INSTRUCTIONS TO FOLLOW:
The expected result is a verbatim repetition of the lines from the start of the entries through the line containing "Students donating the", with the pictures removed.

===== THE INPUT

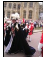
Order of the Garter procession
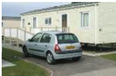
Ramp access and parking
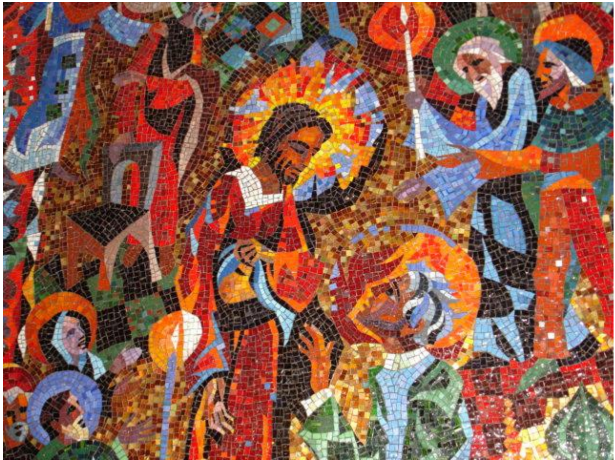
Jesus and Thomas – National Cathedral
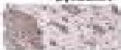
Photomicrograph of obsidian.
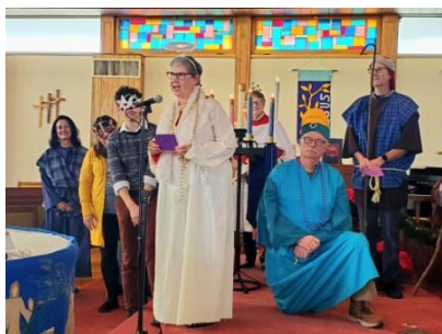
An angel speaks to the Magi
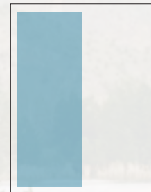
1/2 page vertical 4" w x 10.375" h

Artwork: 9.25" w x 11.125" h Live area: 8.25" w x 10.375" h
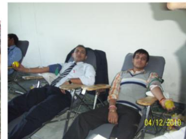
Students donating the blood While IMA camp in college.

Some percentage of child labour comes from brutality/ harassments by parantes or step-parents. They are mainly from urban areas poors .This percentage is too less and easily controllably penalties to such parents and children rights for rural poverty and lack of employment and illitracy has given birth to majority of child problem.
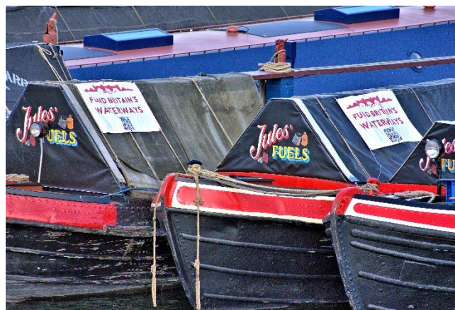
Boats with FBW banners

==========

OUTPUT OF THE TASK:
Order of the Garter procession
Ramp access and parking
Jesus and Thomas – National Cathedral
Photomicrograph of obsidian.
An angel speaks to the Magi
1/2 page vertical 4" w x 10.375" h

Artwork: 9.25" w x 11.125" h Live area: 8.25" w x 10.375" h
Students donating the blood While IMA camp in college.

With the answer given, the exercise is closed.